- How to complete this task -
Leave out the pictures, and write out exactly the lines from the beginning of the material to the line holding "Nowy system Deep", that line included, and nothing else.

- Provided records -
- Opening Delimiter -
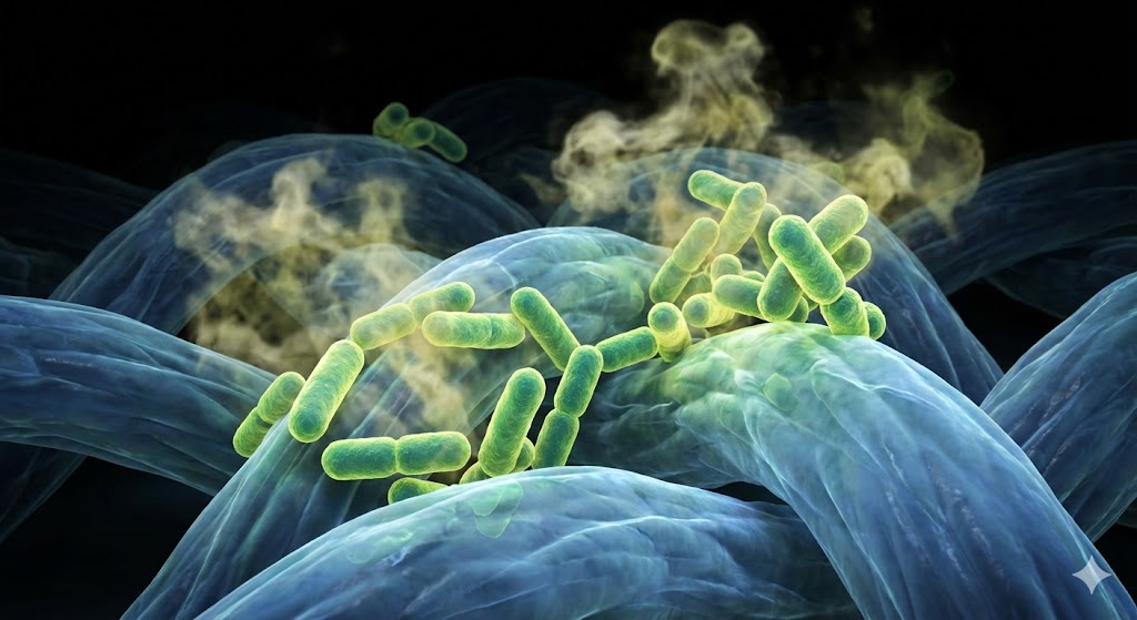 洗濯をして汚れを落としたつもりでも、繊維の奥にはわずかに皮脂やタンパク質が残ります。
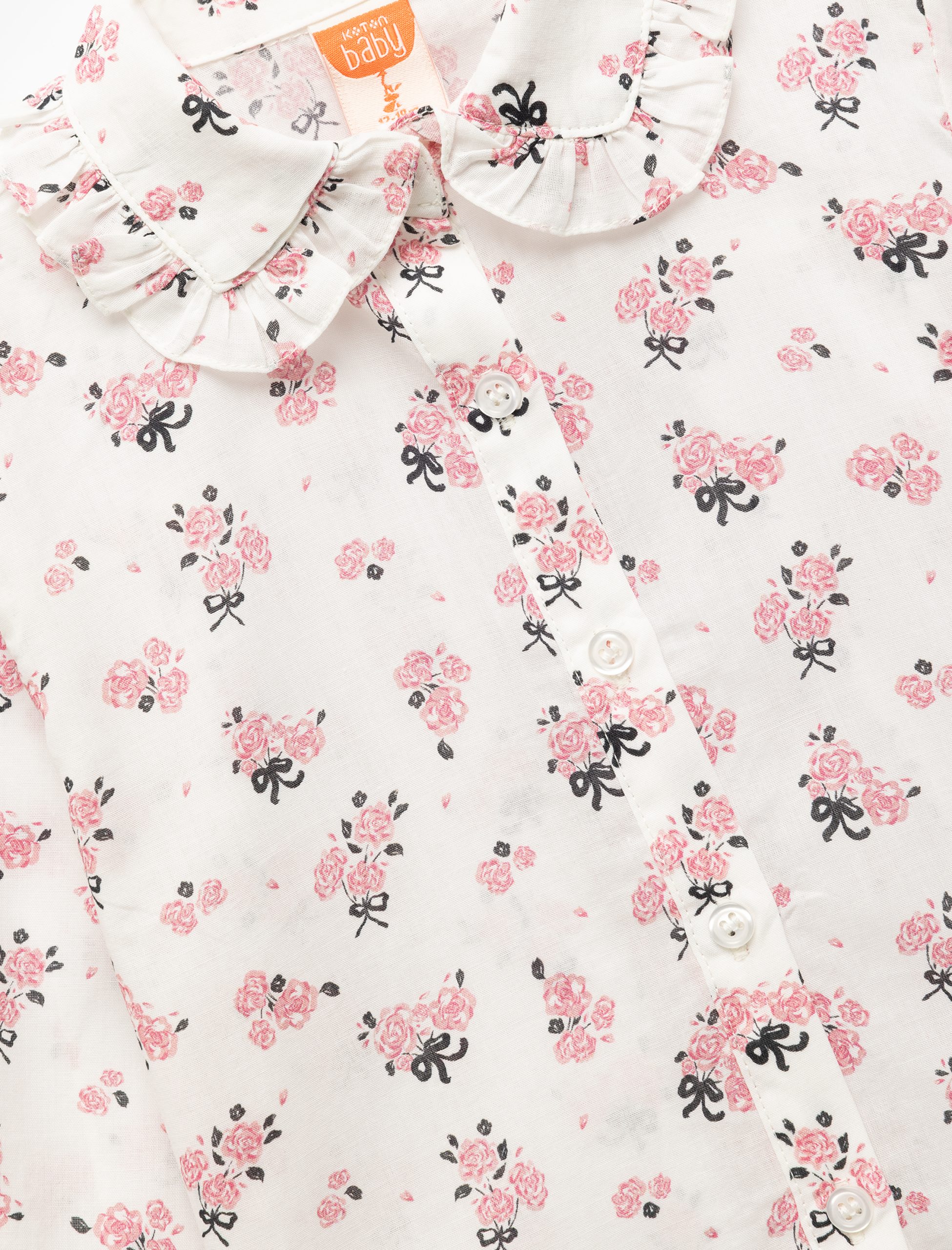 This frill-detailed blouse stands out with its colorful, cheerful design and floral printed accents. Made from cotton fabric, it’s suitable for both everyday wear and special occasions. It features a cotton construction that protects babies’ delicate skin and offers a comfortable cut for freedom of movement. The elegant Peter Pan collar detail and frilled design enhance little ones’ adorable style. Your baby will be safe in this garment! Our products are tested against chemicals and manufactured in compliance with all safety regulations. Our products contain no harmful dyes or heavy metals, no small or sharp parts that could be dangerous if swallowed, and no cords or ties.
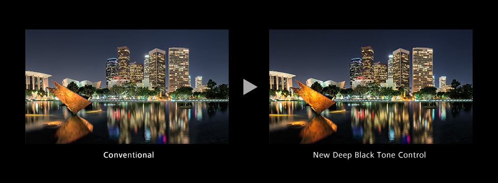 Nowy system Deep Black Tone Control został dodany do funkcji Frame Adapt HDR. Dzięki ulepszonemu algorytmowi jeszcze precyzyjniej kontroluje on tony w ciemnych partiach obrazu, aby uzyskać bardziej naturalną głębię czerni.
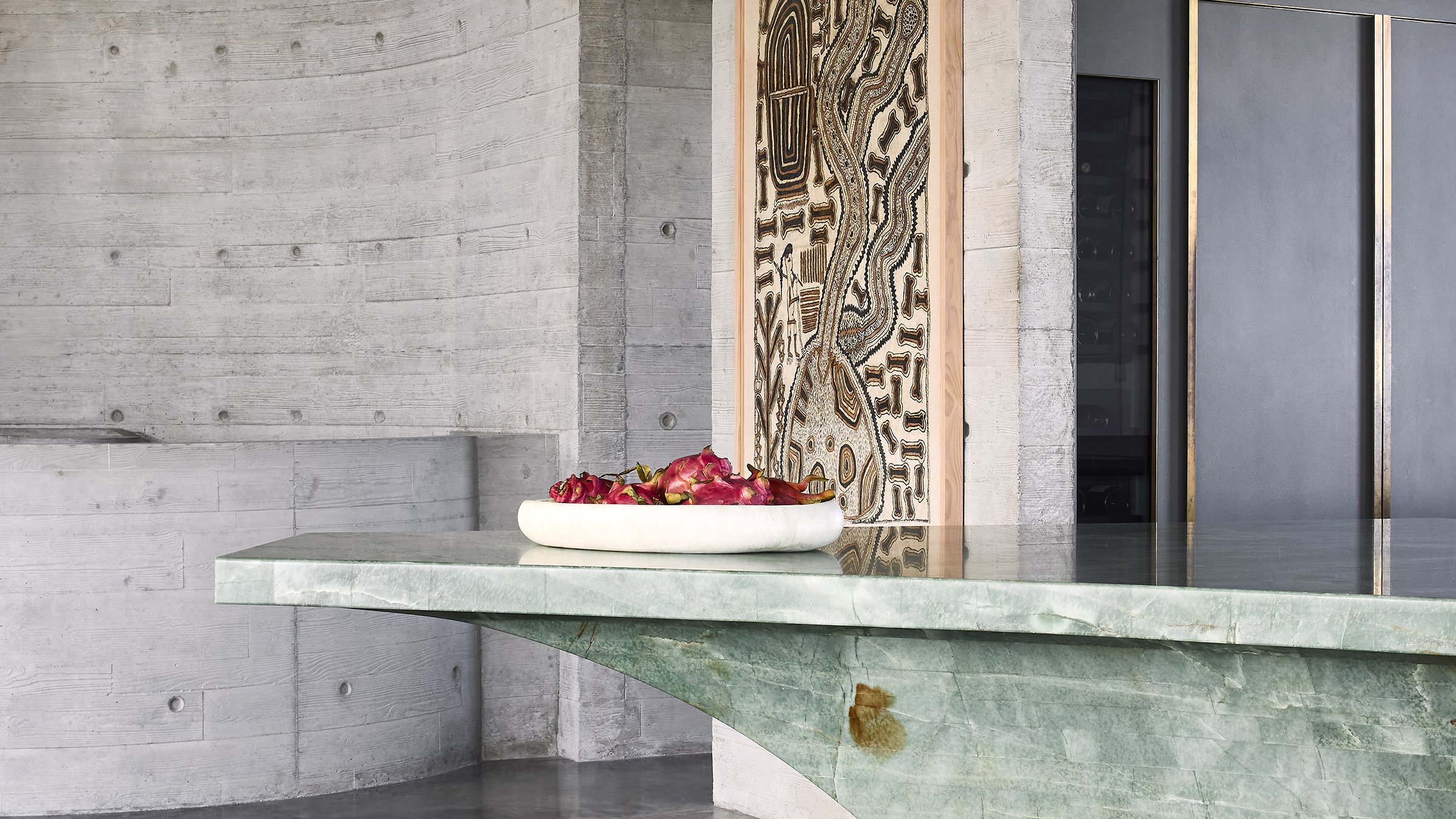 The primary living, dining and kitchen area are orientated towards the wall of ocean-facing windows – all of which retract to waist-height, transforming the space from an enclosed room to a breezy covered balcony. The curving emerald quartzite kitchen island is a natural focal point, creating a subtle distinction between the functional and social parts of the kitchen. Overhead, a rosewood timber ceiling also gently demarcates the working area of the kitchen from the soaring concrete shell around the living room beyond.
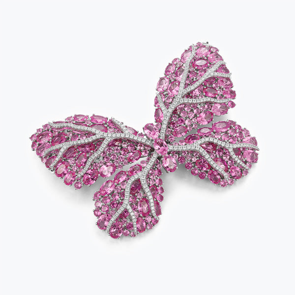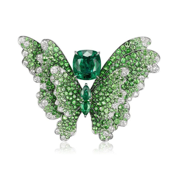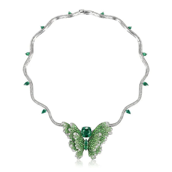 The body of the butterfly is inlaid with emeralds, spessartites, pink tourmalines and white sapphires, and the wings of the butterfly are covered with colorful sapphires, tanzanites, emeralds and diamonds in colorful and bright colors; the butterfly necklace is made of diamonds, tsavorites The stone pavement emits a gradient of hues, and the cushion-shaped emeralds set between the wings become the focus of attention.
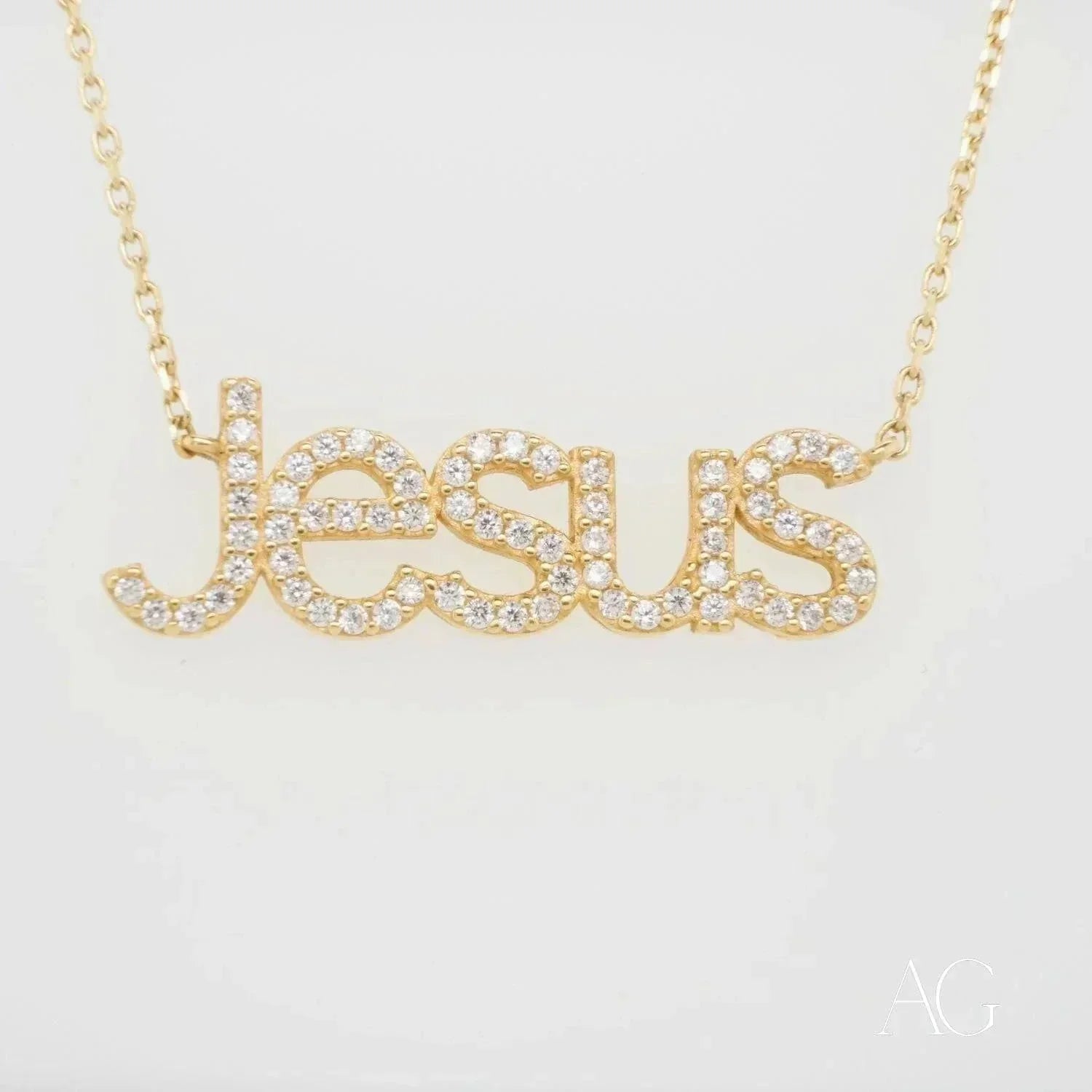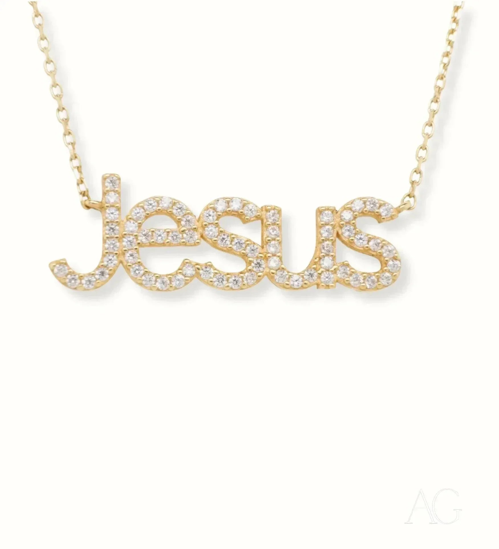 The Radiance of Zirconia on a Sacred Emblem Our 18k Gold Necklace features a breathtakingly detailed Jesus pendant. Each line and curve of this sacred emblem is brought to life with the radiant brilliance of hand-selected zirconia stones. These premium stones, chosen for their exceptional clarity and fire, shimmer against the rich backdrop of 18k gold, illuminating the pendant with a captivating, almost divine light. This exquisite interplay of gold and zirconia creates a stunning visual testament to your faith, making this Jesus pendant a radiant beacon of hope, devotion, and enduring love. Experience the joy of wearing a piece that speaks volumes without uttering a word.
- Closing Delimiter -
- Response area -
 洗濯をして汚れを落としたつもりでも、繊維の奥にはわずかに皮脂やタンパク質が残ります。
 This frill-detailed blouse stands out with its colorful, cheerful design and floral printed accents. Made from cotton fabric, it’s suitable for both everyday wear and special occasions. It features a cotton construction that protects babies’ delicate skin and offers a comfortable cut for freedom of movement. The elegant Peter Pan collar detail and frilled design enhance little ones’ adorable style. Your baby will be safe in this garment! Our products are tested against chemicals and manufactured in compliance with all safety regulations. Our products contain no harmful dyes or heavy metals, no small or sharp parts that could be dangerous if swallowed, and no cords or ties.
 Nowy system Deep Black Tone Control został dodany do funkcji Frame Adapt HDR. Dzięki ulepszonemu algorytmowi jeszcze precyzyjniej kontroluje on tony w ciemnych partiach obrazu, aby uzyskać bardziej naturalną głębię czerni.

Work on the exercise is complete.